Il paraît qu'à l'Elysée, Hollande est tombé de sa chaise en entendant ça. "Mais c'est qui ça Jeanne d'Arc ?". En revanche chez les Nucingen (pardon chez les Rothschild) qui ont le culte des belles vieilles choses on a esquissé un sourire de connivence. Mais ça ne suffisait pas à vous camper dans les habits nécessaires d'un jeune aristocrate du XIXème siècle. C'est pourquoi vous vous êtes rendu au Puy du Fou chez Philippe de Villiers. autant dire chez le diable. Et là vous avez salué en lui "un entrepreneur culturel". Ah, les Chouans… Ah le Sacré-Cœur de Jésus…

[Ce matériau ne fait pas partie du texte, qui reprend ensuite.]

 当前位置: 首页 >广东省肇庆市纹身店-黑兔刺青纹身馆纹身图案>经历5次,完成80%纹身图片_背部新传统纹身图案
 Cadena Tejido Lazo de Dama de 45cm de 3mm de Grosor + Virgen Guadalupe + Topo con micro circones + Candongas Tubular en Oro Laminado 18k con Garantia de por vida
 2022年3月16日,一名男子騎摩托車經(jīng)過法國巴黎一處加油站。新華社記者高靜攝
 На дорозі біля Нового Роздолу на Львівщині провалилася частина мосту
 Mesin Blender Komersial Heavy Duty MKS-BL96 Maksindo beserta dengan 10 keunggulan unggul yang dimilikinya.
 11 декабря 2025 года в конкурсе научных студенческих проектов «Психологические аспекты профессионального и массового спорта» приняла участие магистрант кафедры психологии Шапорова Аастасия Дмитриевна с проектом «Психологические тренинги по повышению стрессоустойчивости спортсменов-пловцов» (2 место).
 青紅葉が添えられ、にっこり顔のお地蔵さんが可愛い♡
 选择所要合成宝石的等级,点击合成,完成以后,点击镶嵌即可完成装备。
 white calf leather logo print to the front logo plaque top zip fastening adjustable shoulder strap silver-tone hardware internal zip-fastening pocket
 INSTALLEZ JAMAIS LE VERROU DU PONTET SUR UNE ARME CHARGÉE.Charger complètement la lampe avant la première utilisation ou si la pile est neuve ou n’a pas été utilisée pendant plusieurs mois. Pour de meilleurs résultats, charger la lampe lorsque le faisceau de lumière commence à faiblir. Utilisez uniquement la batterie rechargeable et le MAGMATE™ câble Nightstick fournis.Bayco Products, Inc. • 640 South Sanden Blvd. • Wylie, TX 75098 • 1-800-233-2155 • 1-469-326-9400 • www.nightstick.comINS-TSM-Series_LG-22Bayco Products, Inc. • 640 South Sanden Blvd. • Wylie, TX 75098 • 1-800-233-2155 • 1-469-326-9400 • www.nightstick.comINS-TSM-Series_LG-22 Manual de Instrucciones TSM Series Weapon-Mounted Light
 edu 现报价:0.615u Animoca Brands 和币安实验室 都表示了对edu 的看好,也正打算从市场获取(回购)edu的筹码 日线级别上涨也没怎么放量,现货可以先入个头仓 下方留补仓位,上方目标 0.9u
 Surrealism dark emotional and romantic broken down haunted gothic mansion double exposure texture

Ensuite, de Villiers vous a confié les rênes d'un char tiré par quatre chevaux. Et comme Ben Hur, vous avez été superbe et triomphant. Ebloui, le patron du Puy du Fou a lâché : "C'est la première fois que je vois un ministre conduire un char avec autant d'audace. Il a fait un premier tour qui était de bonne qualité et un deuxième tour fulgurant. Je pense qu'il y a pour M Macron, devant lui, un avenir pour conduire toutes sortes de char". "Nous sommes tous français" a-t-il ajouté. Et vous, ainsi adoubé, vous avez dit : "je ne suis pas socialiste". Mais ça on s'en doutait un petit peu…

Soyez le bienvenu parmi nous M Macron. Avec vous, nous tous amateurs de beaux livres reliés et d'anciennes gravures, nous serons comblés. Loin de la vulgarité des manants et des roturiers des primaires de la droite et de la gauche, vous allez nous chanter une mélodie qui n'existe plus que dans les livres d'Histoire. Mais vous ne serez pas seul en lice. Face à vous, et également fabriqué à l'ancienne, va se dresser le farouche républicain Manuel Valls. Vous avez vu avec quelle passion il parle de Marianne aux seins nus entraînant le peuple sur les barricades ? Voilà un duel qui aura du chien, de la classe. Je veux voir.